Lesson 17: Juridification

Many years ago, my son Franz and I did a study on juridification. Chances are you never heard of the term, as it doesn’t appear in many dictionaries. Juridificatiion is the attempt to codify into law every conceivable human transaction and establish appropriate penalties for all transgressions. We supposedly would no longer need courts, juries, or judges. An official would just feed the data into a computer, and the verdict and penalty would be drawn up.

At that time, some leading lawyers saw juridification right around the corner. They were writing books about computers being fairer than juries or judges. A couple started online legal sites where computers led participants through most legal matters normally performed by your family lawyer.

Obviously, things did not go as they expected. That’s the bright side. People recognized the value of real persons providing empathetic judgment and understanding for them as individuals. They were not ready to replace people with machines.

I have thought of that study a great deal in the past two years when people marvel at new advances in artificial intelligence. Franz and I found that AI contributes to legalism that reads events factually without considering deeper concerns such as wider relationships and emotional involvements. This literalism seems to promote excessive conformity to what society regards as normal.
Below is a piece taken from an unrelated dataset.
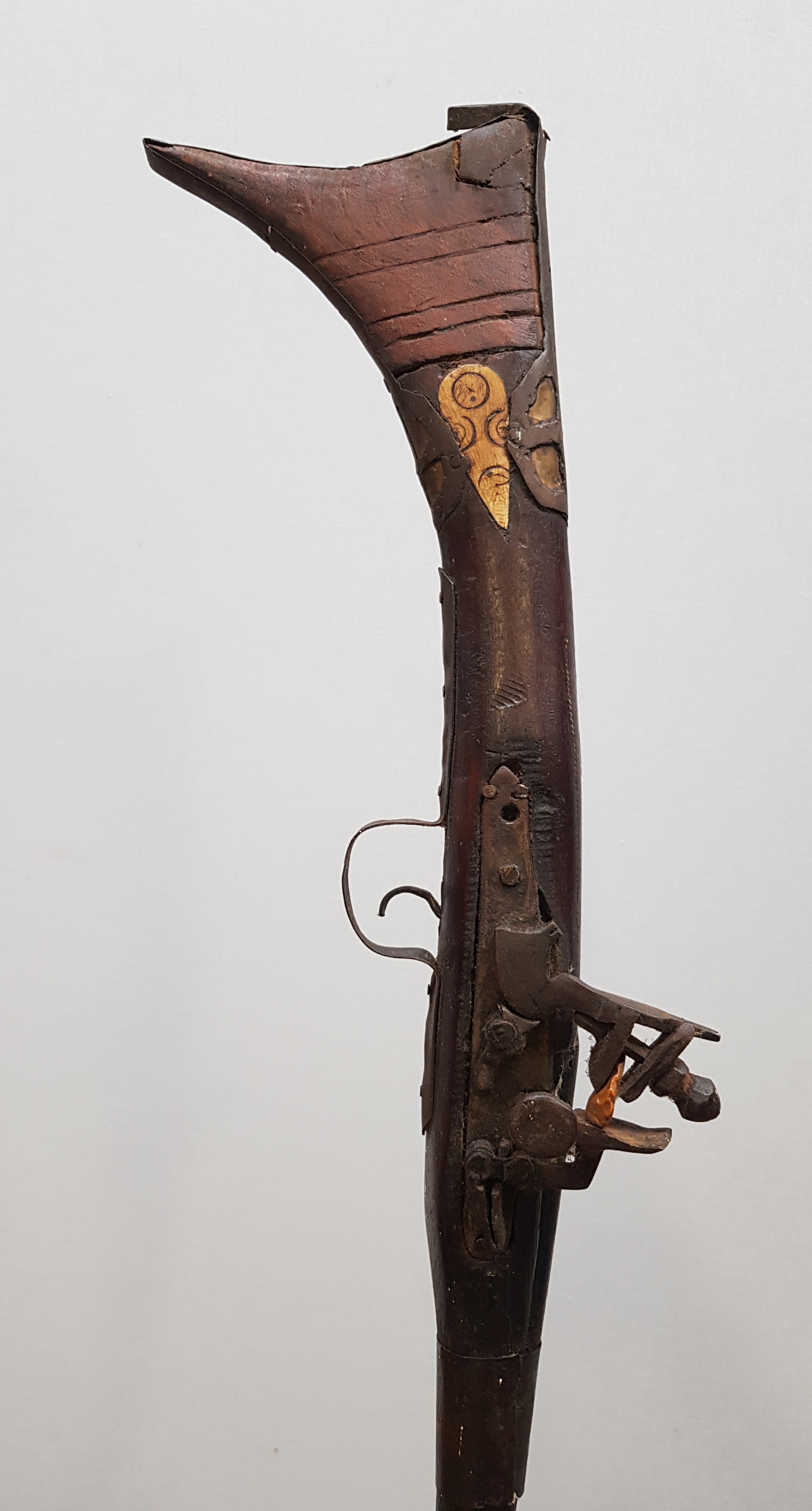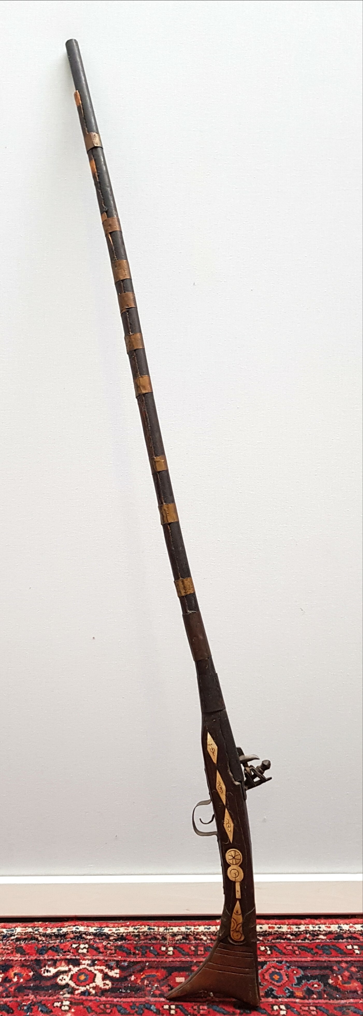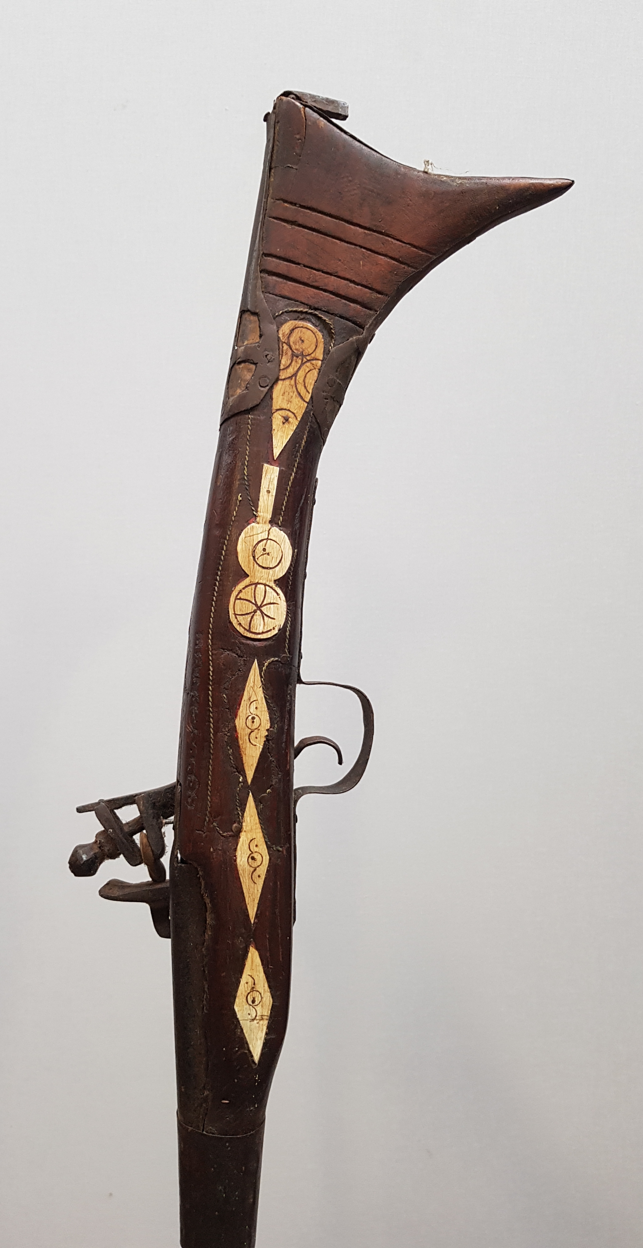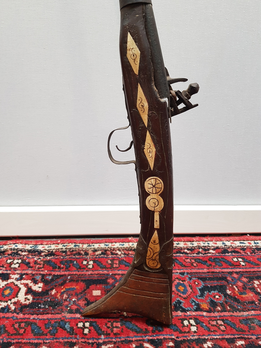 Afghaans voorlader geweer met benen versieringen. Omstreeks 1900. |

However, the most important finding in our study was that justice, as defined in Christian scripture and English common law, is about judgment as much as fairness. Artificial intelligence might offer a scientific indifference that seems to provide fairness if you are dealing with abstract generalities, but that is not enough for the peculiarities of each individual case.

Although our paper dealt with law, the same happened in all fields, including the other professions. Many were talking about machines doing the job better than humans. They hailed a new stage in evolution when computers replaced us.

I hear much the same today. Considering juridification might cause us see this is a bad idea.